Глава 1. Скорбь и тьма

Любовь долготерпит, милосердствует, любовь не завидует, любовь не превозносится, не гордится, не бесчинствует, не ищет своего, не раздражается, не мыслит зла, не радуется неправде, а сорадуется истине; все покрывает, всему верит, всего надеется, все переносит

1 Коринфянам 13: 4-7

Сегодня на Сакуре было чёрное.

Привычную красную с белой отделкой безрукавку, которую Сакура носила ежедневно, сегодня она спрятала в шкафу и надела чёрную рубашку с длинным рукавом, скрывшим запястья и часть кистей рук. Обыкновенную розовую юбку заменили просторные чёрные штаны. Они неплохо смотрелись с рубашкой. Если бы под сандалиями были носки, те тоже непременно были бы чёрными. Единственное, что в этот день не омрачало облик Сакуры, — это её изумрудные глаза и нежно-розовые — цвета лепесткового цветочного растения — волосы, подвязанные красной лентой налобного протектора.
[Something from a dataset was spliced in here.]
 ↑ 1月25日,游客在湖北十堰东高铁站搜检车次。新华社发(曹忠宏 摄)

Она направлялась на работу в больницу, где ей предстояло провести очередной день, оттачивая навыки, которым её обучила Пятая Хокаге, Цунаде. По пути Сакура с готовностью улыбалась и приветственно махала знакомым. Наряд разглядывали все без исключения, но никто не мог подобрать нужных слов, чтобы тактично затронуть тему её сегодняшнего выбора одежды. Сакура была не против — даже рада, что никто не задавал вопросы. Объяснять, почему на ней чёрное, не хотелось. Мысли об этом доводили до отчаяния.

Несмотря на весёлые приветствия и улыбки, которые Сакура дарила прохожим по пути в больницу, она чувствовала, как на плечи опускается уныние. В тот день у неё была веская причина надеть траурный наряд — приближался тот самый…
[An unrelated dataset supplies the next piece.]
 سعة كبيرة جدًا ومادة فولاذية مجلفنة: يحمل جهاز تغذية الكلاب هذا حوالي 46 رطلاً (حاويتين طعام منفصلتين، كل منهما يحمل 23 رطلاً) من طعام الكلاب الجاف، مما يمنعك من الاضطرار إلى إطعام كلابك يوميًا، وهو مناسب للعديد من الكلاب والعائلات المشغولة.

— Сакура-чан! — послышался восторженный возглас позади. Сакура слегка покачала головой, и её губы тронула полуулыбка. Возможно, порции бодрости от Наруто будет достаточно, чтобы не уйти с концами в невесёлые размышления.
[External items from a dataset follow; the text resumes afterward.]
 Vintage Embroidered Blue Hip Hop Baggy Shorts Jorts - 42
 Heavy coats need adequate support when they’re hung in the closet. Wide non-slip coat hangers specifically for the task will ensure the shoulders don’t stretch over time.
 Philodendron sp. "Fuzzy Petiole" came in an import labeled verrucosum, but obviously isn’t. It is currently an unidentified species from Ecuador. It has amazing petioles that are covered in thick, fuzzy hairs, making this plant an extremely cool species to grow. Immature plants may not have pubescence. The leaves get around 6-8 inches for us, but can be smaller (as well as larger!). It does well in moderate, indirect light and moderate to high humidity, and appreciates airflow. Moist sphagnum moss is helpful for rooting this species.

Наруто мчался к ней на всех парах, энергично размахивая рукой. Его лисье лицо светилось улыбкой. Второй рукой Наруто тащил за собой сильно раскрасневшуюся Хинату. Когда он попытался остановиться, то чуть не врезался в прохожих, что больше встревожило Сакуру, чем его самого. На лице Наруто не отразилось ни капли беспокойства, или он попросту никого не заметил.

— Охайо, Сакура-чан! — широко улыбнулся он.

— Доброе утро, Наруто, Хината, — тоже с улыбкой ответила она обоим. — Куда летите в такую рань?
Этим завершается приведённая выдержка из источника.